Your goal – Please write out exactly, without any picture, each line from the first in the listing through the line that includes "巴西部分地区持续遭遇洪灾 民众划船出行".

Data provided –
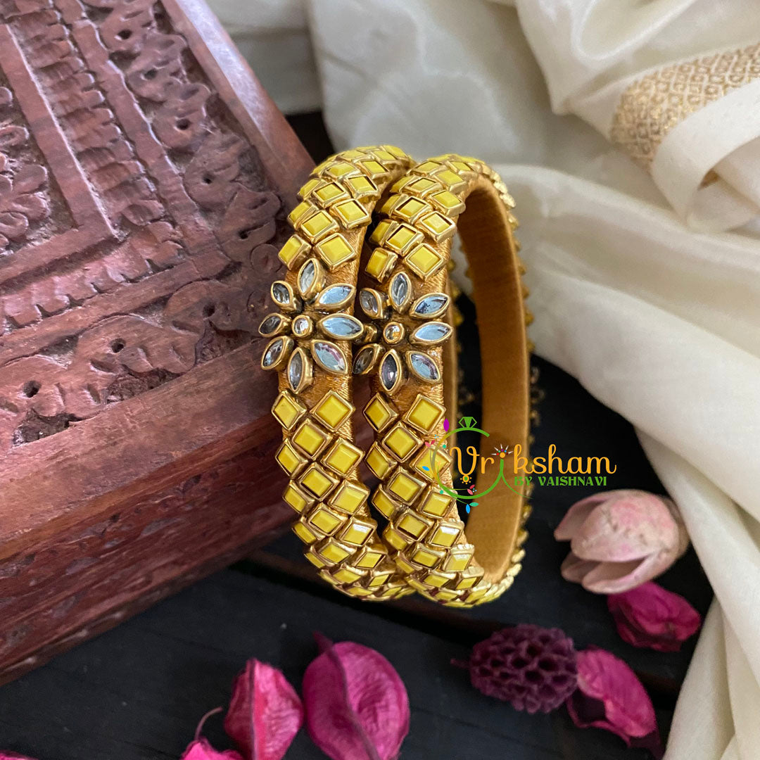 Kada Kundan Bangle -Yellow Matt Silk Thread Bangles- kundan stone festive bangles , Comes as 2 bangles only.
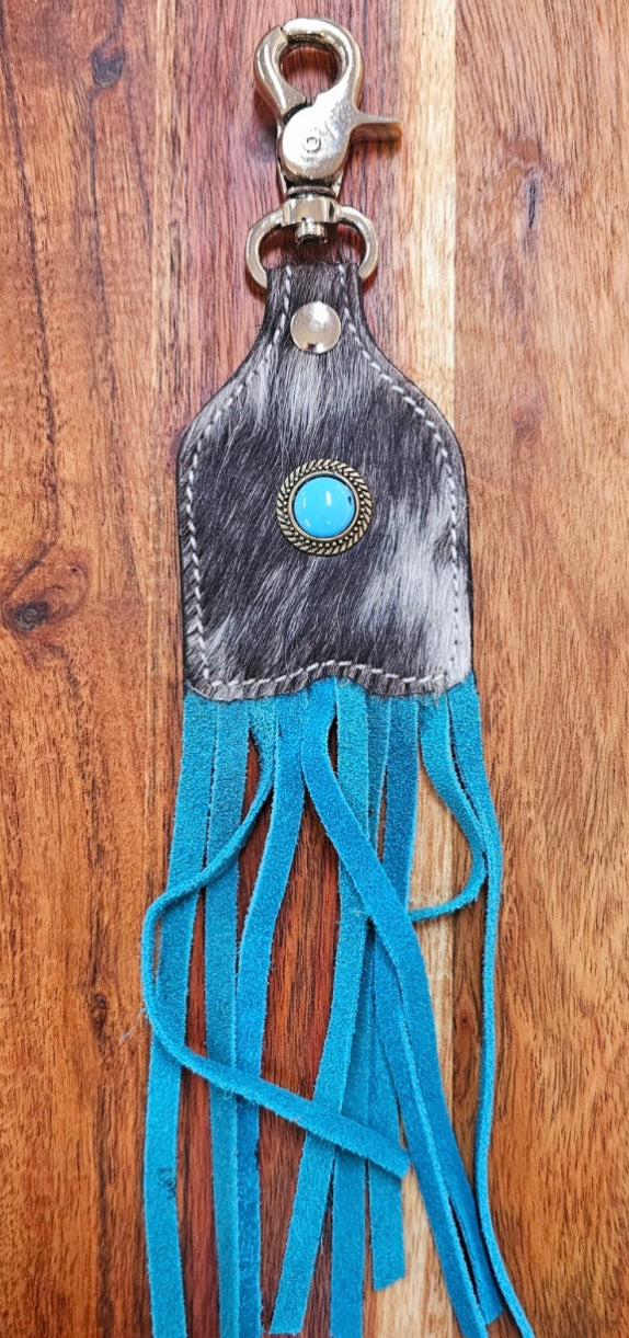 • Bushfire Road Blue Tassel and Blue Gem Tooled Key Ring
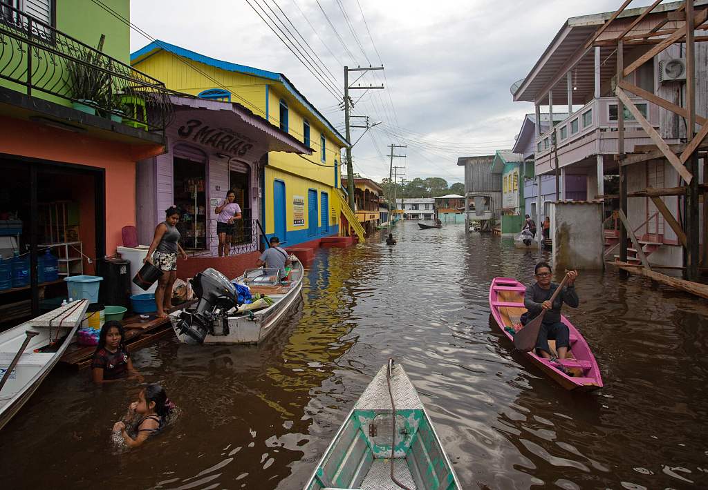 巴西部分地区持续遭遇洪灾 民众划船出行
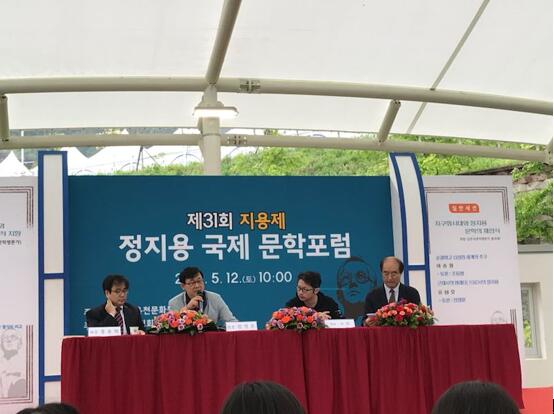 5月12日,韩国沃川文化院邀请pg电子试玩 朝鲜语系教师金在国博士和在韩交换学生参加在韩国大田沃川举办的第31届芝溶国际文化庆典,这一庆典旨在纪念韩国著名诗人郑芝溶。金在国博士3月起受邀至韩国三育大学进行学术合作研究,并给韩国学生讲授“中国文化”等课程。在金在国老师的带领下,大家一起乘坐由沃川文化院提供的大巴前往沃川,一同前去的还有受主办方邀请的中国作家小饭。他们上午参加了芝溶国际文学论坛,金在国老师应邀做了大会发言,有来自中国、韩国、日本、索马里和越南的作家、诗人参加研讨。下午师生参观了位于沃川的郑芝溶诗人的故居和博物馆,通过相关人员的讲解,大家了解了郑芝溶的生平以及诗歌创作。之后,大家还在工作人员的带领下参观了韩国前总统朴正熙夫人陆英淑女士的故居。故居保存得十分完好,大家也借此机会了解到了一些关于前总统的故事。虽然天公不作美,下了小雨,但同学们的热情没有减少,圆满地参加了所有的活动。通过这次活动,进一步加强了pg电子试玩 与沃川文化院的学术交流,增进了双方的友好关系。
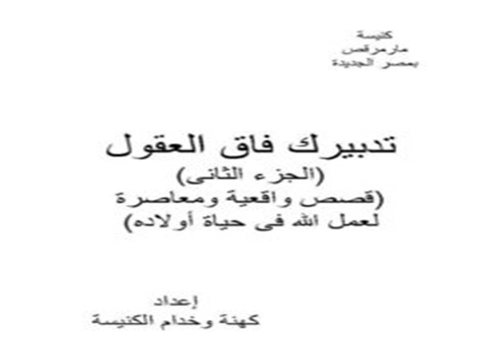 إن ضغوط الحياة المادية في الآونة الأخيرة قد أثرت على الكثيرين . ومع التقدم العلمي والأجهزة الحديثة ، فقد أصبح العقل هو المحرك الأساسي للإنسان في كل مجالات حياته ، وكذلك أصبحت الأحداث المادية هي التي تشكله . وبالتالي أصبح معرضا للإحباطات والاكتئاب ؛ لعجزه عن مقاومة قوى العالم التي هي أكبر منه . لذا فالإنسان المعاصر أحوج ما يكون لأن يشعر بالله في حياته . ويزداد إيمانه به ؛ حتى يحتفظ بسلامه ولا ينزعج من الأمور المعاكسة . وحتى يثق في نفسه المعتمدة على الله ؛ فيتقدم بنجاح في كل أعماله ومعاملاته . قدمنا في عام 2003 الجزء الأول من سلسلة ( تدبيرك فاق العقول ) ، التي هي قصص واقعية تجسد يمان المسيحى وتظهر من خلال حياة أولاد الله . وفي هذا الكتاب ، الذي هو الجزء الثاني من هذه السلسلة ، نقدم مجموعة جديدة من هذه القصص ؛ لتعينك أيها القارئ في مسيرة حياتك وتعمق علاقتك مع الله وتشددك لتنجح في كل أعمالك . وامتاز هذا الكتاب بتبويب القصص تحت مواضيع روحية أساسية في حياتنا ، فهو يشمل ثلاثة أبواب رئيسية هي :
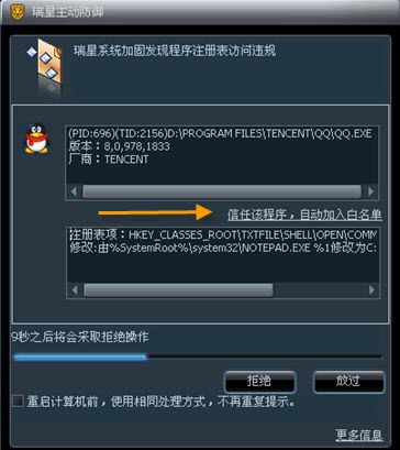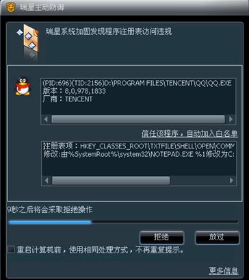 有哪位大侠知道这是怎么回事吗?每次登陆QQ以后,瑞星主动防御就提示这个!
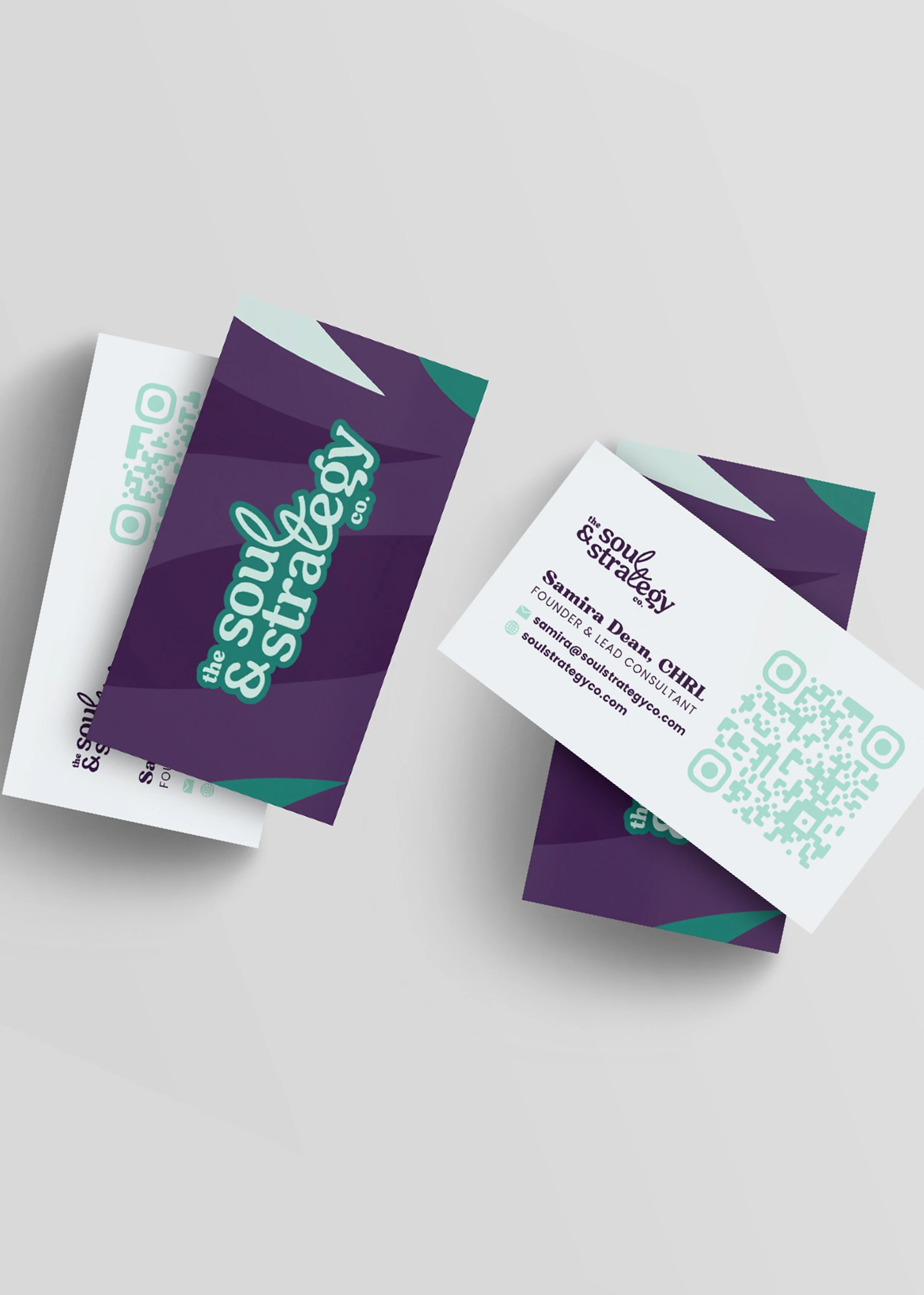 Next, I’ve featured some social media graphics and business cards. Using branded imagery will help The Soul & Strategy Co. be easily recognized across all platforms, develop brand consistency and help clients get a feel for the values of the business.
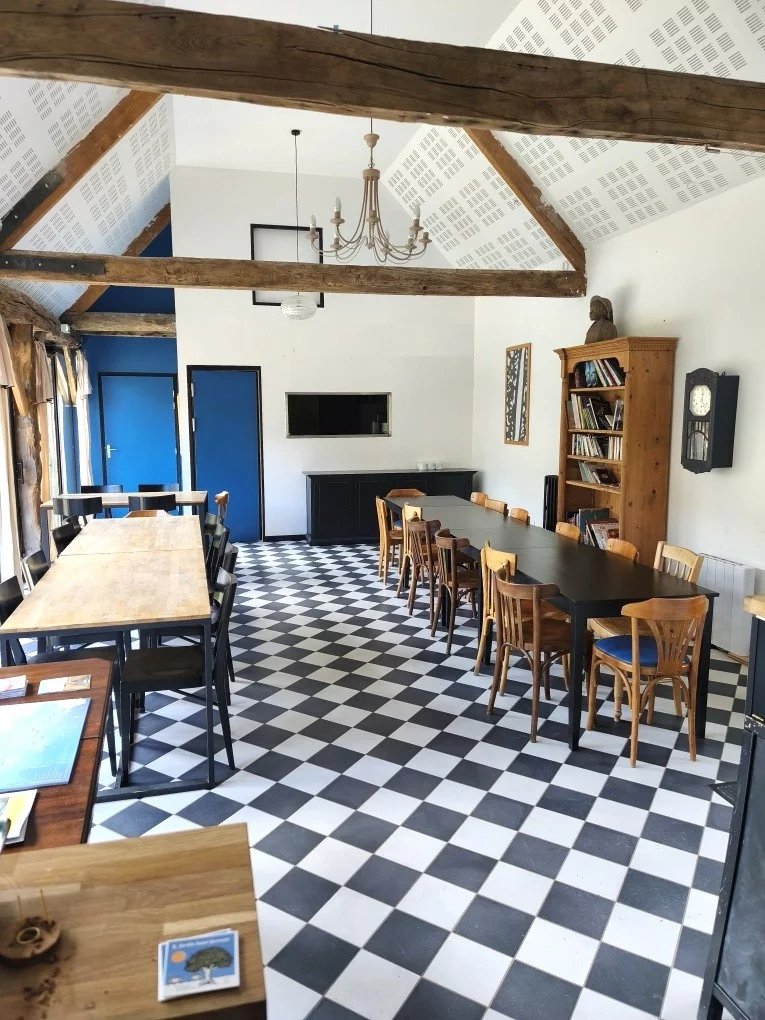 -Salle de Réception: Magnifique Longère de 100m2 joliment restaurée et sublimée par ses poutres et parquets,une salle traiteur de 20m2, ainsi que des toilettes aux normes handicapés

Solution to this exercise –
 Kada Kundan Bangle -Yellow Matt Silk Thread Bangles- kundan stone festive bangles , Comes as 2 bangles only.
 • Bushfire Road Blue Tassel and Blue Gem Tooled Key Ring
 巴西部分地区持续遭遇洪灾 民众划船出行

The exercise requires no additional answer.